Most of the proprietary APIs I've had to work with were just as bad. Sometimes I wonder if the NDA they make you sign before seeing the API documentation is so that you won't be able to show anyone else how bad it is.
I'm currently working with an unnamed credit API and all calls, regardless of status, return 200. Options can be strung together in single GET parameter. All calls resolve to a single URL and the method is chosen get a GET param (which variant of that method is yet another param). And a person's information can be passed in via any slew GET params, or as POST'd XML.
Its a mess... anyone up for a Stripe of the credit/authentication world?
I once spent weeks writing a wrapper for a particular service provider's API (which they charge a premium to access). Every request was a POST and every response was 200. In one function, timestamps were represented by a unix epoch, but others had the same field encoded as ISO 8601. The XML returned was not guaranteed to be well formed.
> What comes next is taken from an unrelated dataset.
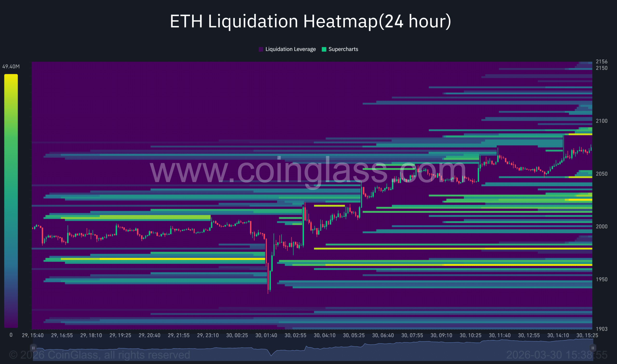 With the price stabilizing above this level, ETH might move towards the $2,100–$2,150 range – Its prior resistance range. This push would happen partly because short positions that entered below $2,000 are now closing, adding upward pressure.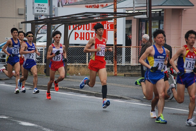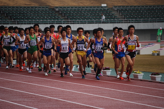 維新百年記念運動公園を一斉に駆け抜けていく選手たち

Etc.
The kicker is that they declined permission to open source my wrapper because "the API is proprietary."
As @artanis0 (kind of) mentioned, it'd be great to see a HN post sometime soon called "How to write a good 'REST' API". Or even just some links to good tutorials that could get me (and others) started?
I've recently built a DB driven site that could possibly be extended with an API, and it's a good chance to learn something with a purpose behind it!
It's pretty straight forward, just do the following:
- Use HTTP verbs: GET to retrieve one or more objects, POST to create a new object, PUT to update an existing object, DELETE to remove an object.
- Address objects by collection and by individual object: /users/#{user_id} is a specific user you can PUT, GET or DELETE. /users is where you POST to in order to create a new user.
- Use HTTP codes to return the result back to the client (ie HTTP 200 when you get an object, 201 when you successfully POST an object, 404 when you try to GET/UPDATE/DELETE an object that doesn't exist).
- I find it good form to return objects in JSON with the type of object at the top of the data structure, ie {:users => [ #array of users here ]} or {:user => { #single user }}
- Use OAuth or some sort of token system for authenticating the calls, don't use HTTP Auth.
You can get pretty anal about things but if you follow the above you'll have a cleaner API than 90% of the API's out there.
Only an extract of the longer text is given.